Being happily single has a hitch: Lack of benefits married couples enjoy

By Jennifer Brooks
Gannett News Service
 

At a chic cocktail bar, Deirdre Baker splays her left hand and studies the empty space on her ring finger. She raises a glass in toast:

"Here's to the single girls."

The other unmarried 20- and 30-somethings around the table clink glasses. While their married friends have gone home to sitters and spouses, their evening is just starting.

They are among the 86 million unmarried adults in the United States, a fast-growing group of people who often find themselves singled out in a society designed for two.

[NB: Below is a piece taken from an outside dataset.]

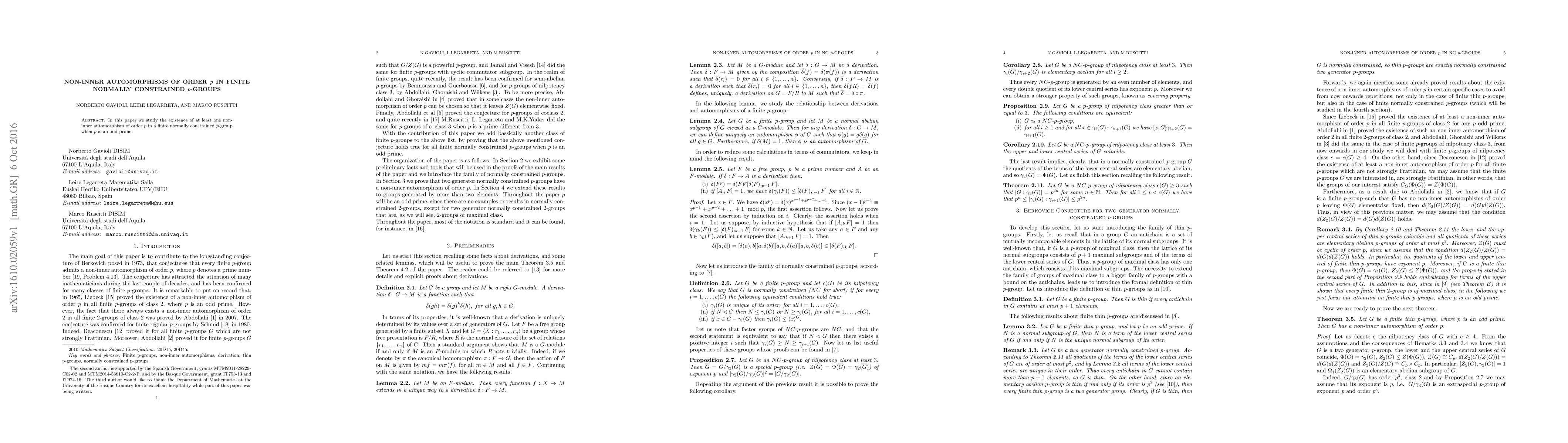 In this paper we study the existence of at least one non-inner automorphism of order p in a finite normally constrained p-group when p is an odd prime.

Despite holding more than 40 percent of the nation's jobs, singles often feel they have a lot stacked against them: higher taxes, higher insurance premiums, working more holidays and fewer benefits for their partners.

Singles are bombarded by TV and movie messages that tell them marriage is the most important relationship they can have in their lives.

"Everything you hear today is about 'family values.' What's so interesting is that all of this is going on at a time when there are more households with one person living alone than there are (households) with a mom, dad and kids," says Bella DePaulo, author of an upcoming book, Singled Out, and social psychologist and visiting professor at the University of California at Santa Barbara.

One of the reasons for the rising number of singles is that more and more couples choose to live together before marriage - 50 percent, according to University of Michigan researcher Pamela Smock. Living together no longer carries the stigma it did decades ago, and for many couples, it's a way to save money and take "test-drive" their relationship.

Singles are beginning to ask why married couples can put each other on their health insurance or gym club membership but singles can't do the same for their loved ones - domestic partners, aged parents, siblings or adult children. They rail against travel brokers who charge extra for a person who tries to book a vacation alone.

The American Association for Single People lobbies on behalf of unwed Americans. It has fought landlords in Michigan who didn't want to rent to unmarried couples, and pushed California auto insurance companies to stop charging unmarried drivers higher premiums.

"There's a perception that single people aren't participants in society," says Thomas Coleman, executive director of the association. "So often, they don't speak out about their own grievances. We need to put some focus on our issues."